__WHAT THE EXERCISE ASKS__:
Below this line is a set of entries; quote exactly the lines from the line that contains "Camicia color kaki" to the line that contains "Este vibrante y", both lines included.
BEGIN DATASET RECORDS
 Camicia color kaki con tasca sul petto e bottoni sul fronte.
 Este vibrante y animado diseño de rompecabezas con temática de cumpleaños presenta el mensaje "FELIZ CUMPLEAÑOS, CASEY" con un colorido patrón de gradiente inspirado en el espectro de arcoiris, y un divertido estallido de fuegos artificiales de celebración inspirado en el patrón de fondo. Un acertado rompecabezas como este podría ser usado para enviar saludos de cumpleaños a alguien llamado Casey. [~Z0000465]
END DATASET RECORDS
BEGIN DATASET RECORDS
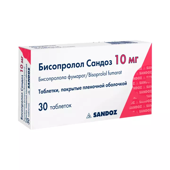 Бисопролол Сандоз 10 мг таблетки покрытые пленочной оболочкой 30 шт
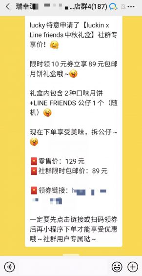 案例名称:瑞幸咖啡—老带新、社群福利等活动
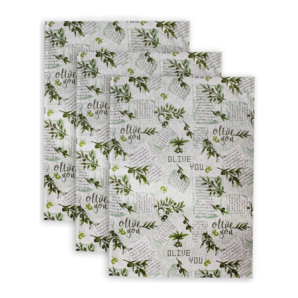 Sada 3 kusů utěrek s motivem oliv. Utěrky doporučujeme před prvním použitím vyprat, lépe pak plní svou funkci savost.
END DATASET RECORDS
__EXERCISE RESULT__:
 Camicia color kaki con tasca sul petto e bottoni sul fronte.
 Este vibrante y animado diseño de rompecabezas con temática de cumpleaños presenta el mensaje "FELIZ CUMPLEAÑOS, CASEY" con un colorido patrón de gradiente inspirado en el espectro de arcoiris, y un divertido estallido de fuegos artificiales de celebración inspirado en el patrón de fondo. Un acertado rompecabezas como este podría ser usado para enviar saludos de cumpleaños a alguien llamado Casey. [~Z0000465]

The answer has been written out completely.